Оставили машины у здания муниципалитета, похожего на игрушечный лепной дворец с неровными колоннами, мятым фронтоном, кургузым обелиском у входа. Из дворца была вынесена вся мебель, поставлены двухэтажные солдатские койки. Пограничники строились, гремели башмаками, лязгали оружием, колотили в железное било. Унылые, гулкие удары отрывались от била, летели над рекой, и кто-то невидимый на той стороне собирал и пересчитывал эти удары.

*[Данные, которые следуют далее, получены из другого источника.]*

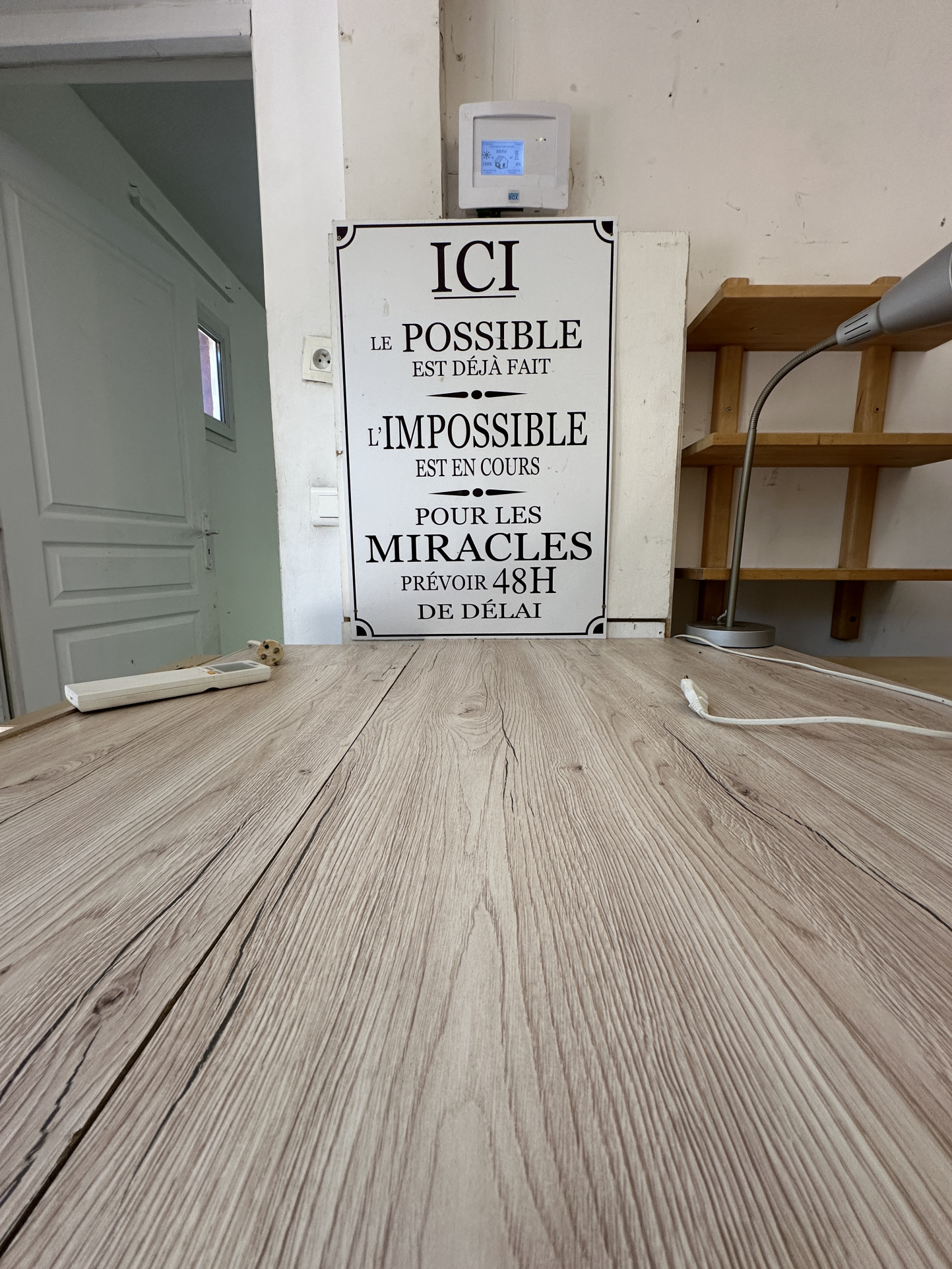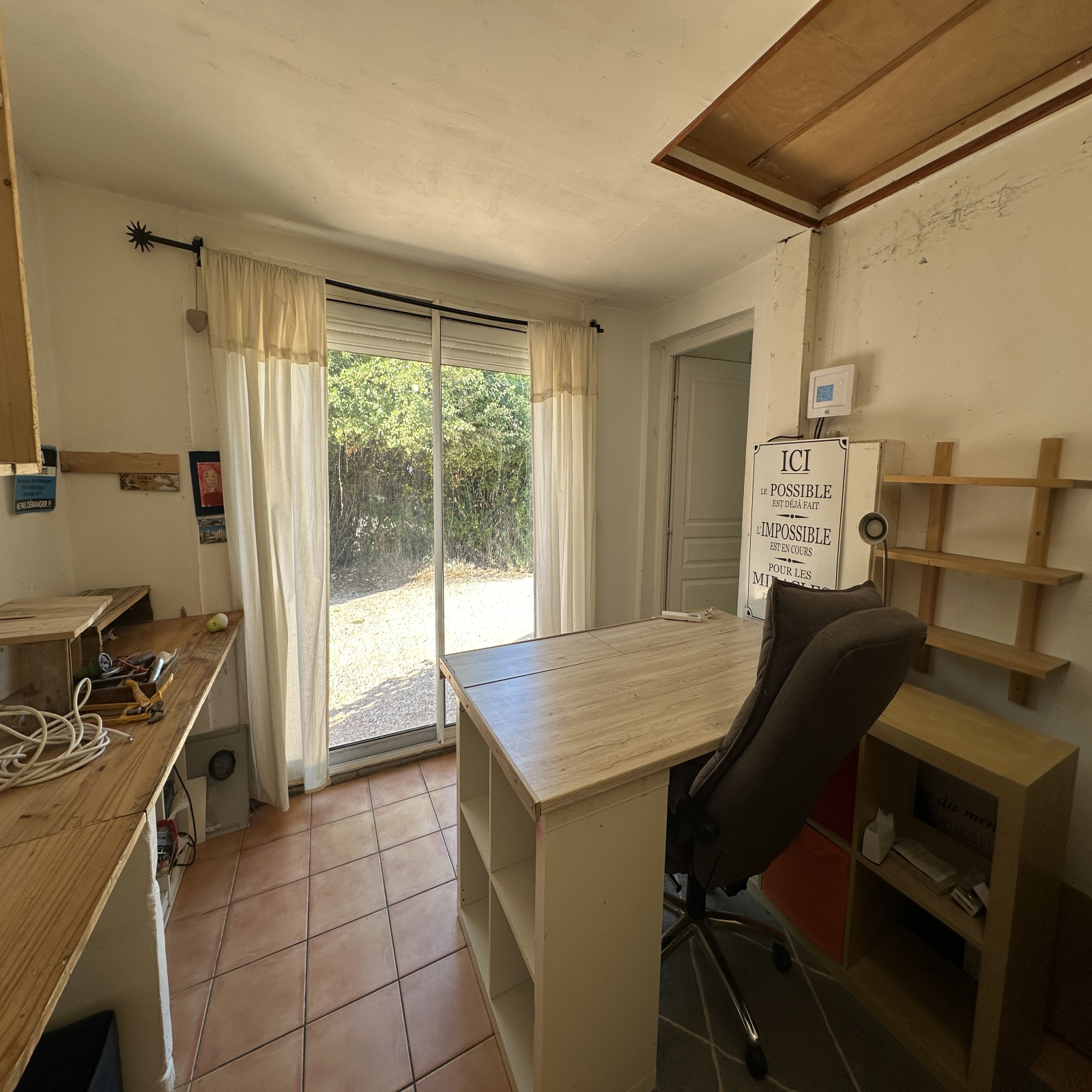 Attenant et communicant : Un garage aménagé en bureau et buanderie-cellier.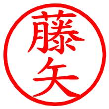 [朱肉の色]を選び、入力窓に“藤矢”と入力して[生成]ボタンを押すと、印影が更新され、リンクから電子印鑑(デジタル印影)がダウンロードできます。 電子印鑑「藤矢」の作り方文字表示が変なときや、文字バランスが悪いときは[字形切替]のチェックボックスでON/OFFを切り替え[生成]しなおしてください。 生成される画像は通常の印影「藤矢.png」と、にじみを表現した少し太めの印影「藤矢B.png」の背面透過PNG形式2種と、鮮明なPDF形式の印影「藤矢.pdf」の計3種類です。 朱肉の微妙な色の違いを7色で表現しました。デフォルト(左端)は、JISが定めた朱肉の色のマンセル値(7.5R 5/14)をRGB値(217,66,54)に変換したものになっています。 「電子透かし」にチェックを入れて[生成]ボタンを押すと、タイムスタンプを透かしとして埋め込んだセキュアな電子印鑑が作れます。詳細は別ページの「電子透かしとタイムスタンプ」でご覧ください。 藤矢さんの日付印が作れます。「日付スタンプメーカー」は、社内向けの書類に利用されることの多い日付印(データ印)が無料で作れるWebアプリケーションです。中段に日付が入り、上段と下段は、ともに8文字まで文字が入ります。 ![]() 古代文字で落款印が作れます。「落款スタンプメーカー」で作品を引き立たせる落款印が作れます。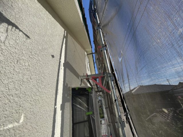 ↑外壁 塗料の密着を良くする役割の他 下地を整える役割のある下塗り材をしっかり塗布します🫡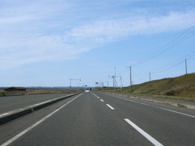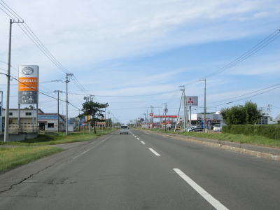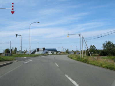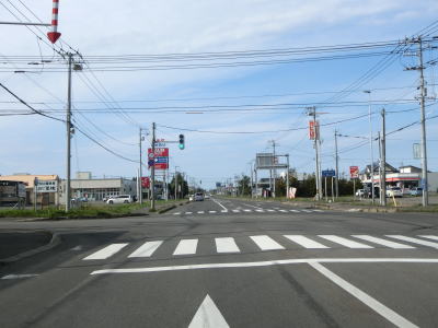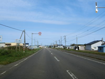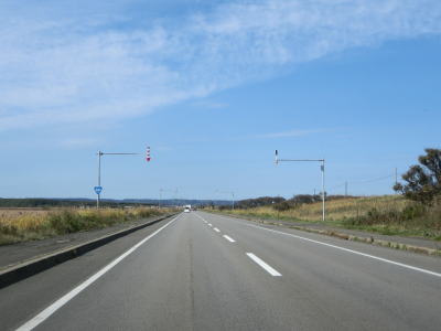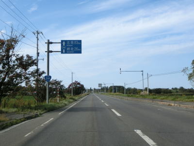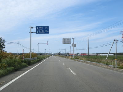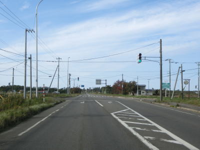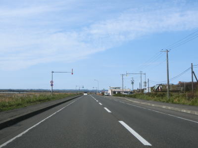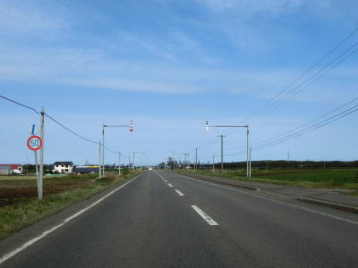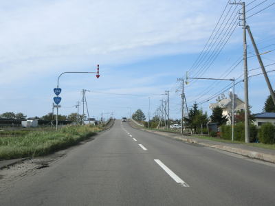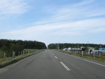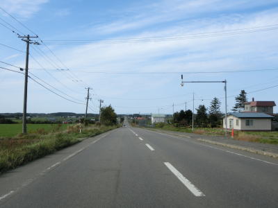 | 北斗交差点からも引き続き平坦な直線道路を走る。じゃがいも街道と呼ばれる町道が交差している右直角カーブを曲がると進行方角が北になる。じゃがいも街道を南に進むと小清水町の中心部に至る。 | ||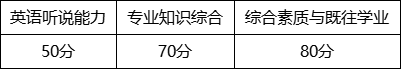 2.综合面试。重点考察考生的思想政治素质和品德考核、专业综合能力、创新潜质和能力、外语能力水平、综合素质评价、心理健康状况等。综合面试一般包括考生自述、考生随机抽题作答、面试小组提问交流、专家评分等环节,考核时长一般不少于20分钟。综合面试满分200分,《面试考核评分细则》见附件3。各部分分值及占比如下: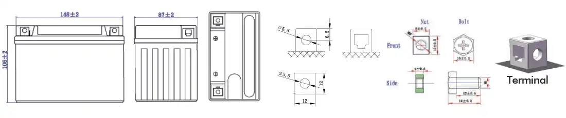 AGM Motorcycle Battery 12V 8Ah 135A CCA + I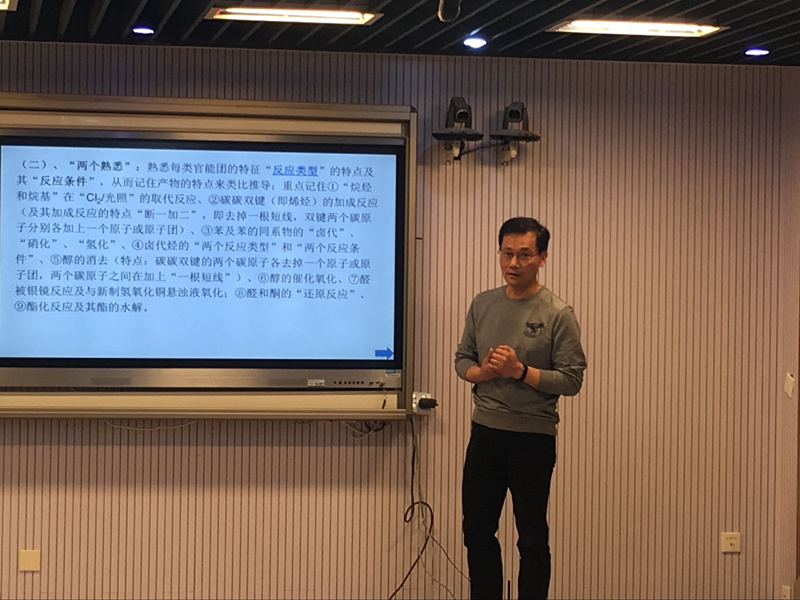 通讯二:5月24日上午9时,在南京市人民中学,九中化学组李虎山老师和李琦老师,参与区教研员陆建源主持的名师工作室的活动。同时,李虎山老师做《谈谈江苏高考化学题中有机题的突破》的讲座汇报。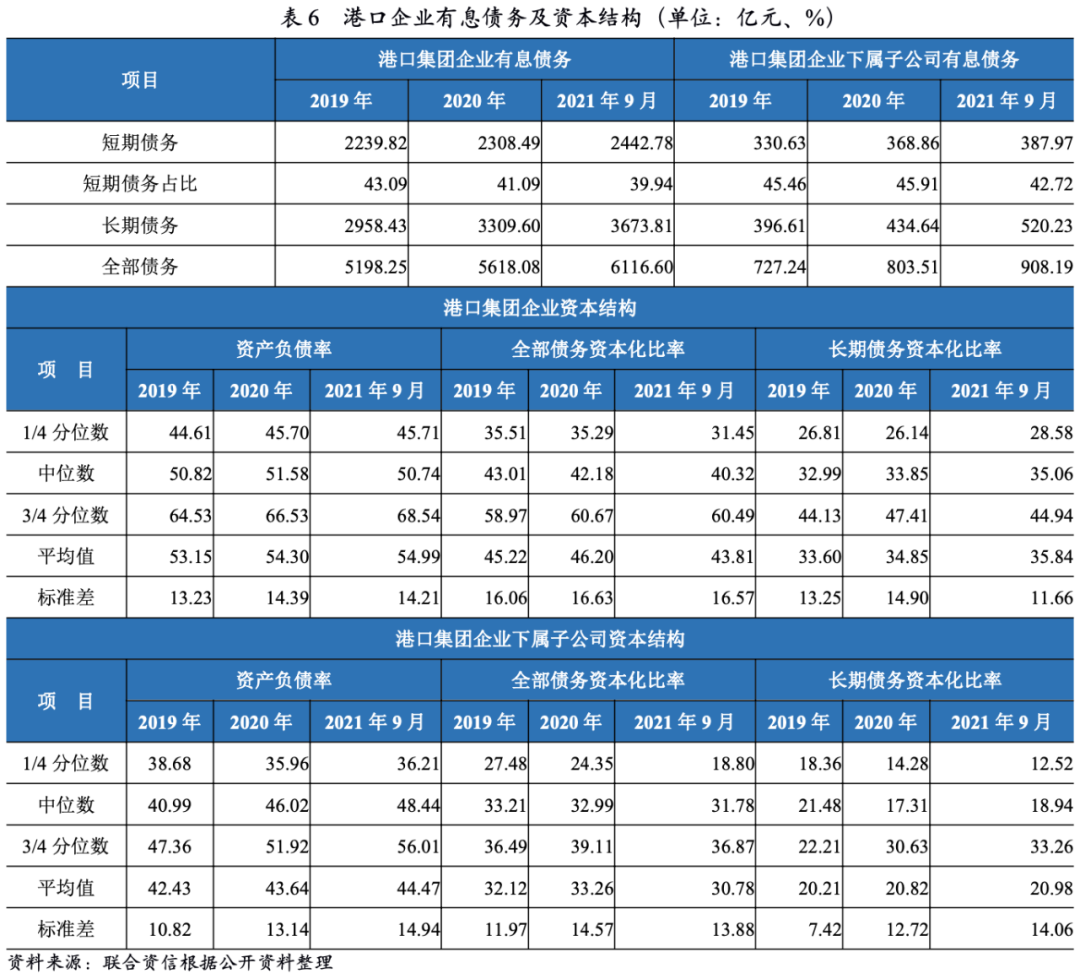 值得關注的是,港口集團企業負債水平分化較為明顯,處于后1/4分位的港口集團企業負債水平明顯偏高,其中6家企業2021年9月底的全部債務資本化比率超過60%。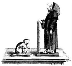 Although "the Weather friar" has been sometimes wrongly cited as the oldest hygrometer-meteorologist in the world,[1][3] there is a similar hygrometer, with the shape of a Capuchin friar as well, from the late 18th century, in the Museum of Arts and Crafts in Paris, built by Charles Alexandre Clair and belonging to the physics office of Jacques Charles, who would bequeath his collection of gadgets to the State on January 15, 1792, with the National Assembly preparing an inventory of it where the existence of this object, very popular circa 1842, according to the first volume of the book Maison rustique du XIXe siècle, Encyclopédie d'Agriculture pratique, published under the direction of the scientific popularizer Charles-François Bailly de Merlieux, where a hygrometer is also mentioned in which the image of a Turk moves a saber to indicate the weather, similar to the friar moving the pointer and the hood of the habit.[5] : 7 Similarly, at the Palaiseau Polytechnic School there is a hair hygrometer from 1809 in which a female figure moves her right arm to indicate on a scale the amount of water vapor in the air, dating the use of human hair to measure humidity to the year 1775, when Horace-Bénédict de Saussure decided has used it to develop what is considered the first precise hygrometer (perfected in 1824 by Jacques Babinet with a microscopic reading system). By the way, Santorio Santorio had already described a thread hygrometer in 1623.[6] Likewise, an illustration of two hygrometers represented respectively by the figures of a monk and a cat stands out in Arthur Mangin's book L'air et le monde aérien (1865), both described as popular hygrometers.[7] : 219 There was a clear tendency in the xix century to have hygrometers with decorative drawings in homes, especially in rural areas as an aid to the peasantry's work.[5] : 6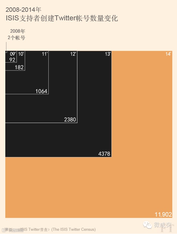 再来看Twitter上ISIS的支持者走势,自2008年ISIS的支持者首次创建帐号,至2014年底Twitter上已累计20,000个ISIS支持者的Twitter帐号,其中有近60%创建于2014年。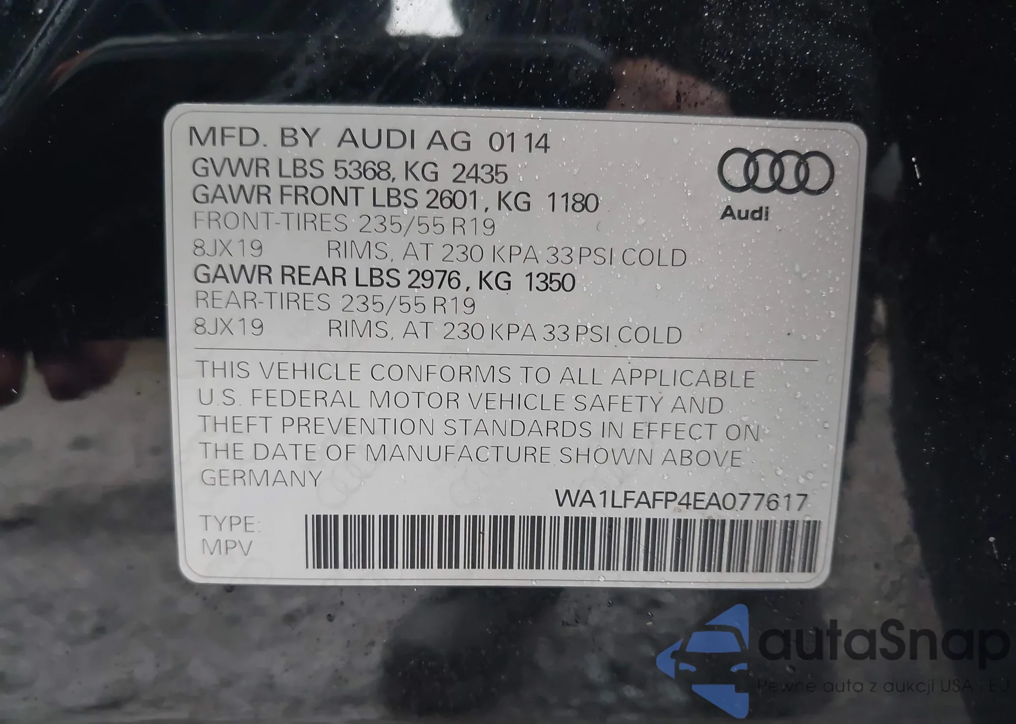 LOT: 44403325 VIN: WA1LFAFP4EA077617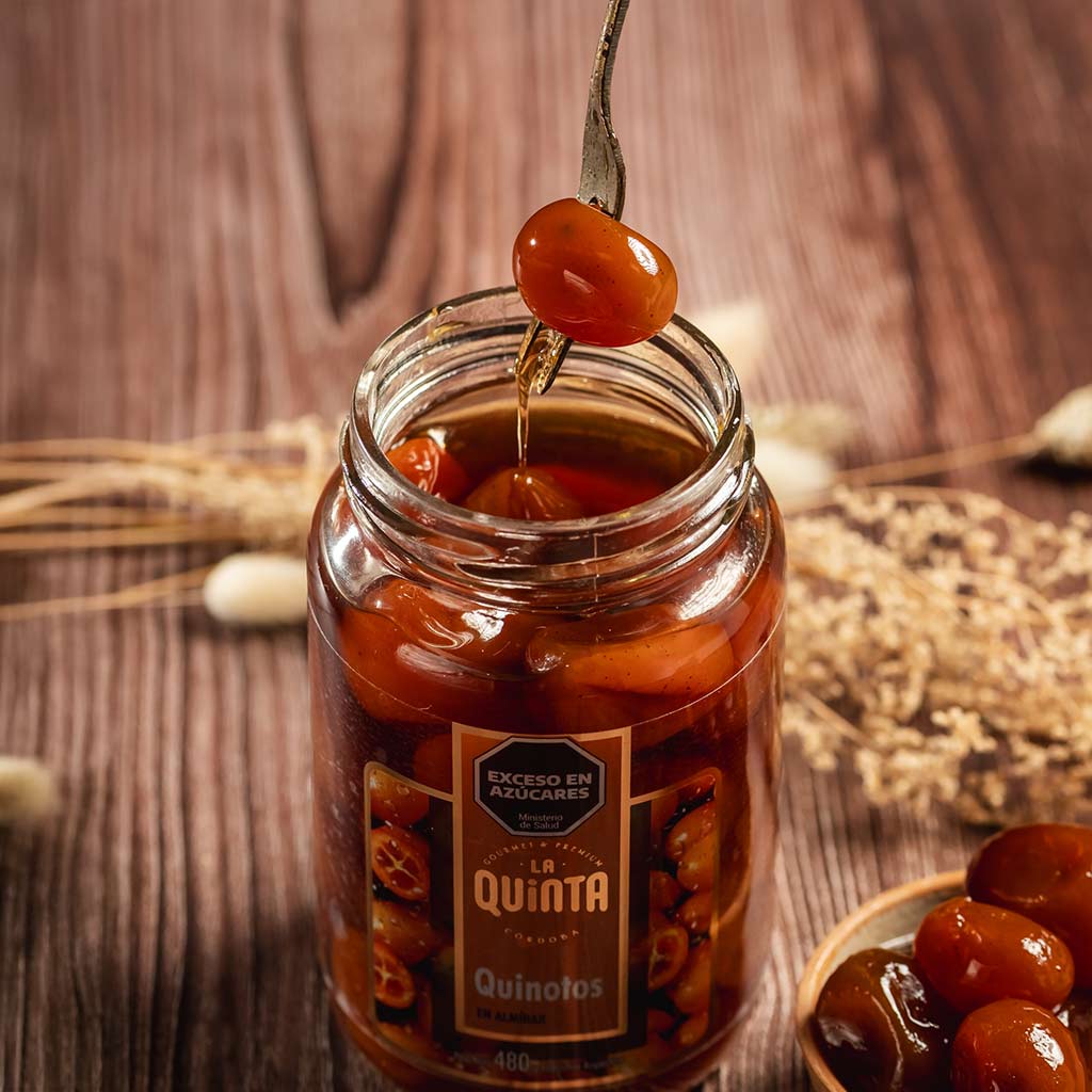 Fruta quinotos en almíbar gourmet, dulce artesanal de sabor cítrico y equilibrio perfecto entre dulzura y acidez. Ideales para postres, tablas dulces o acompañar quesos.

Белосельцев и Сесар шли по пустынным улицам, и поселок был похож на стоп-кадр. Шагая среди чужой природы, чужой архитектуры, он продолжал угадывать – что напоминает ему это безлюдье, эти улицы без пешеходов и экипажей, эти окна без человеческого лица, печные трубы без дыма. Быть может, сказку, что читала ему мать во время болезни – про кота-баюна, про сонное царство, где люди превращены в деревья и камни.
Сквозь распахнутые двери вошли в дом. Убранство не было потревожено. Шкаф с посудой. Лампа под абажуром. На столе тарелки и чашки. На подставке фарфоровый чайник. Вот-вот войдет шумная большая семья – рассядутся, задвигают стульями, хозяйка внесет горячее, окутанное паром блюдо. Но никто не шел. Большой деревянный стол прорастал травой. Зелень узко лезла из-под тарелок и чашек. У хлебницы тянулся вверх желтый живой цветочек. Из кровати, из-под вислого балдахина, вдруг шумно выскочила лохматая собака. Сверкнула зелеными глазами, процокала когтями и скрылась в кустах. И этот оборотень не испугал, а лишь усилил воспоминания. Мать читает о царевиче и сером волке, а он слушает, разглядывая таинственный узор на ковре.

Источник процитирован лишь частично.